PROVIDED MATERIAL:
────────────────

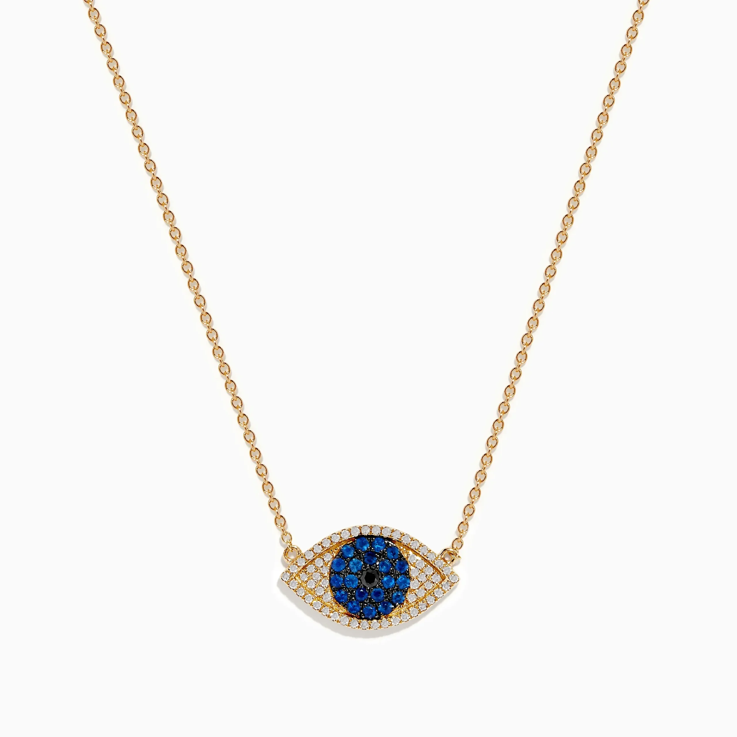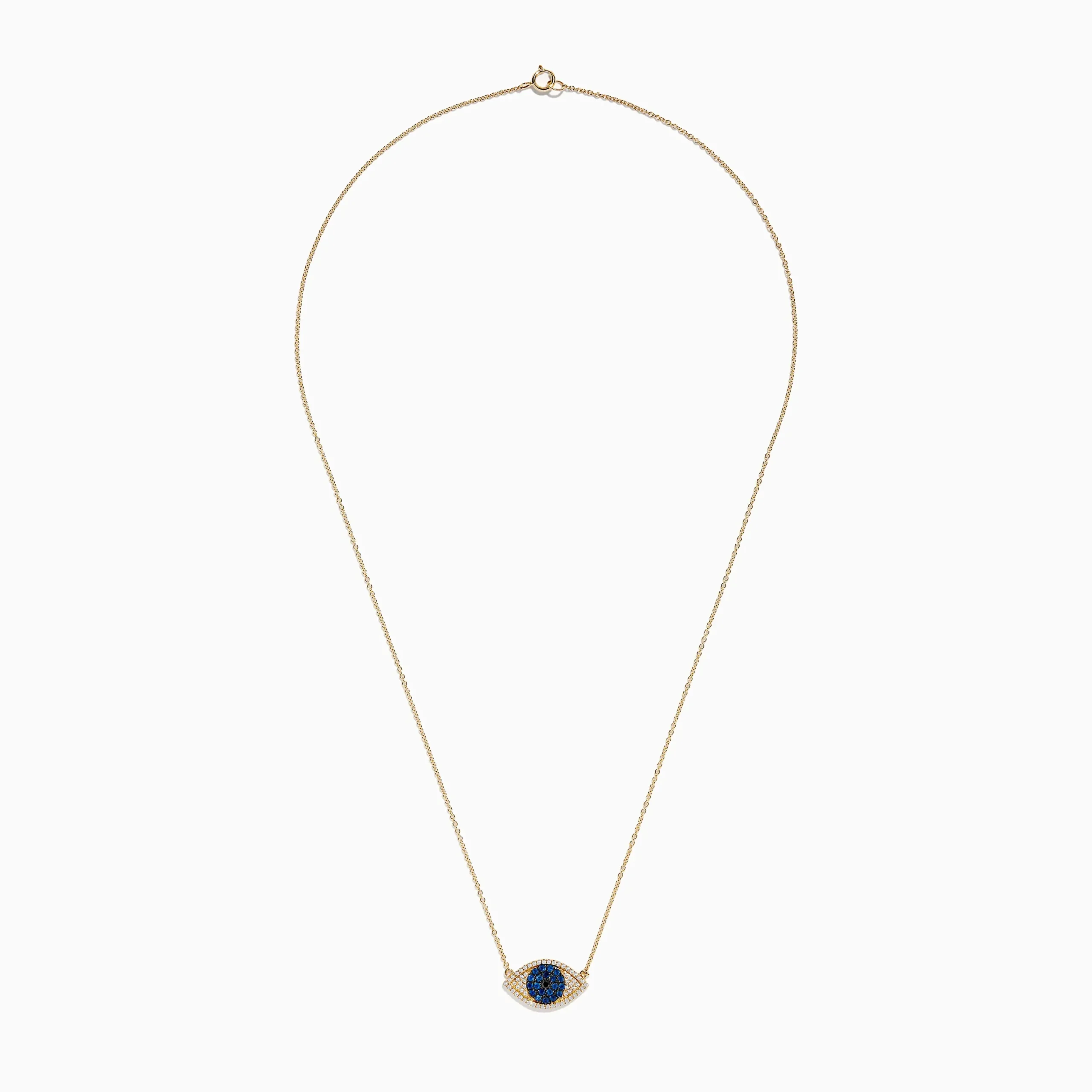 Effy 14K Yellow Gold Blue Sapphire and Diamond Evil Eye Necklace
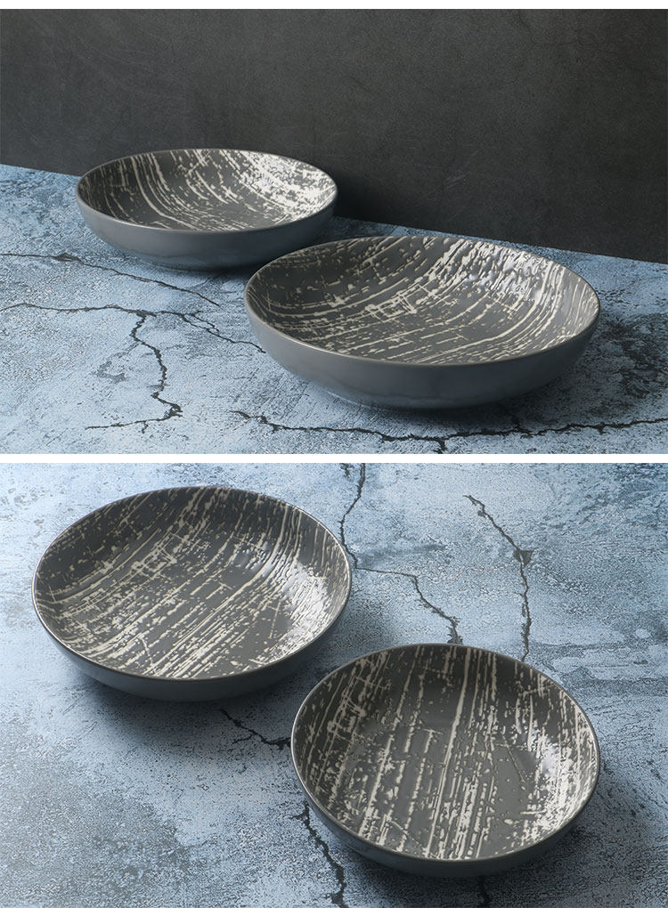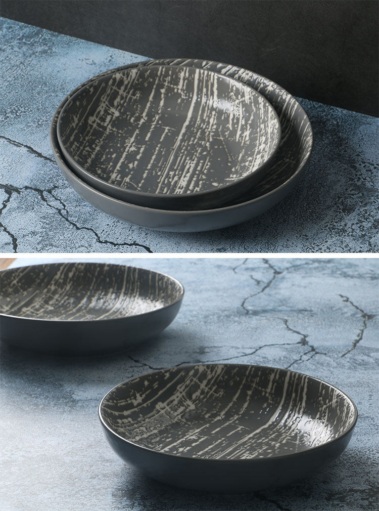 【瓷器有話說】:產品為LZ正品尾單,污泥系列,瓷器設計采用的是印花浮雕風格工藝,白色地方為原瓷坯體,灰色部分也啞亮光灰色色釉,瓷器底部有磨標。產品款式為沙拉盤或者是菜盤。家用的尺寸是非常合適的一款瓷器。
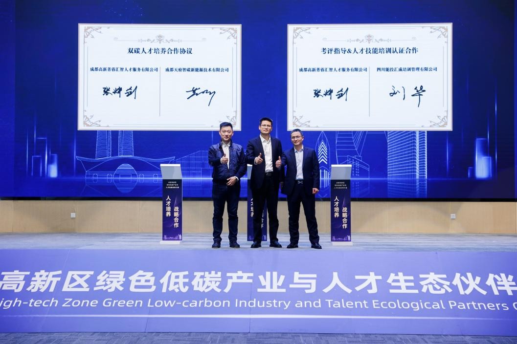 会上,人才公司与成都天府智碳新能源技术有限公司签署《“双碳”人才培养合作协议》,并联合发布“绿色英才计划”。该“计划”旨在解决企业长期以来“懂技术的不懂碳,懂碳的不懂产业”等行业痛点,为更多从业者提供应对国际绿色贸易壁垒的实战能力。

────────────────

WHAT THIS TASK INVOLVES: Wherever a picture appears in the material above, skip it and copy the rest without change.

WRITTEN REPLY:
 Effy 14K Yellow Gold Blue Sapphire and Diamond Evil Eye Necklace
 【瓷器有話說】:產品為LZ正品尾單,污泥系列,瓷器設計采用的是印花浮雕風格工藝,白色地方為原瓷坯體,灰色部分也啞亮光灰色色釉,瓷器底部有磨標。產品款式為沙拉盤或者是菜盤。家用的尺寸是非常合適的一款瓷器。
 会上,人才公司与成都天府智碳新能源技术有限公司签署《“双碳”人才培养合作协议》,并联合发布“绿色英才计划”。该“计划”旨在解决企业长期以来“懂技术的不懂碳,懂碳的不懂产业”等行业痛点,为更多从业者提供应对国际绿色贸易壁垒的实战能力。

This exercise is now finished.